Spanish Prime Minister José Luis Rodríguez Zapatero wishes to use the Ibero-American Summit that opened yesterday in Montevideo to broker a truce between Argentina and Uruguay in their ongoing rift over Uruguayan paper pulp mills.
Eight of 19 Latin American leaders stayed home from the summit that opened yesterday, their absence marring efforts to unite Spain and Portugal in a front to call for safeguarding the rights of illegal immigrants.
At yesterday's opening ceremony, UN Secretary-General Kofi Annan, who will meet with President Néstor Kirchner today, praised the leaders for resolving to make progress on growing illegal immigration in an increasingly mobile world community.
Enrique Iglesias, head of the summit's general-secretariat, said a working draft of the final ??Commitment of Montevideo'' to be signed tomorrow would call for heightened efforts to protect the human rights of millions of migrants in Latin America and Europe.
Uruguayan Foreign Minister Reinaldo Gargano said yesterday he hopes that Kirchner and Uruguay's President Tabaré Vázquez can speak about the two countries' differences.
Kirchner is scheduled to meet with Rodríguez Zapatero today but does not have a meeting arranged with his Uruguayan counter part yet.
The Spaniard, who is in Montevideo accompanying King Juan Carlos II, said he wants to help Argentina and Uruguay settle their year long environmental and diplomatic dispute.
"I will always work to help open talks between Argentina and Uruguay," said Rodríguez Zapatero in a press conference.
The Spanish prime minister is to meet with President Tabaré Vázquez before meeting with Kirchner at noon.
Vázquez, speaking in the opening ceremony, said that all ways to help build a strong Ibero-American community should be talked about.

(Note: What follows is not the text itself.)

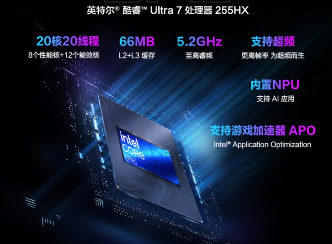 Ultra 7 255HX 处理器基于全新的 Arrow Lake 架构,拥有 8 个性能核(P 核心)与 12 个能效核(E 核心),总共 20 个核心与 20 个线程。性能核最大睿频频率高达 5.2GHz,能效核最大睿频频率也能达到 4.5GHz,总缓存更是高达 66MB,其中 L2 缓存就占了 36MB。如此强大的规格,相比i7-13650HX,在 Cinebench R23 多核分数测试中提升了约 30% 。无论是日常办公中的多任务处理,同时打开多个大型软件,还是运行对 CPU 性能要求极高的游戏,它都能轻松应对,毫无压力,确保系统流畅运行,不会出现丝毫卡顿。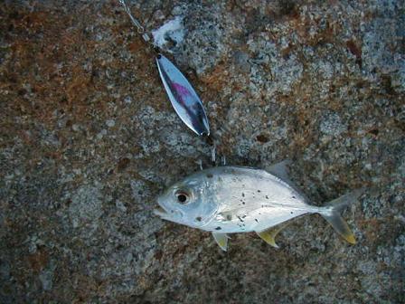 早朝、6時早起きして近くの浜へやっぱり朝の海は釣れそうな予感!!海面を見ていると魚がいる気配がする。カマスが何度か追いかけてくるけど釣れない!美味しい魚なのに!!10分後、少し移動いきなり釣れたのが写真の小さいメッキです。釣れたんだけど、追いかけてきて頭にひっかかった感じですね!から揚げにしよう!8時になったら太陽がギラギラ、暑くなってきなんで終了木陰で横になってコーヒー飲みながら休息一日の始まり始まりだ!!

The comment was made hours after foreign minister Gargano said he "wants them (Kirchner and Vázquez) to meet" and also announced that they may meet, but refused to give further details.
The minister spoke more extensively about the roadblocks staged by environmentalists outside the Argentine cities of Colón and Gualeguaychú which began yesterday and are expected to last all through the weekend to protest against the construction of a paper pulp plant in Uruguay, on the fringes of the city of Fray Bentos.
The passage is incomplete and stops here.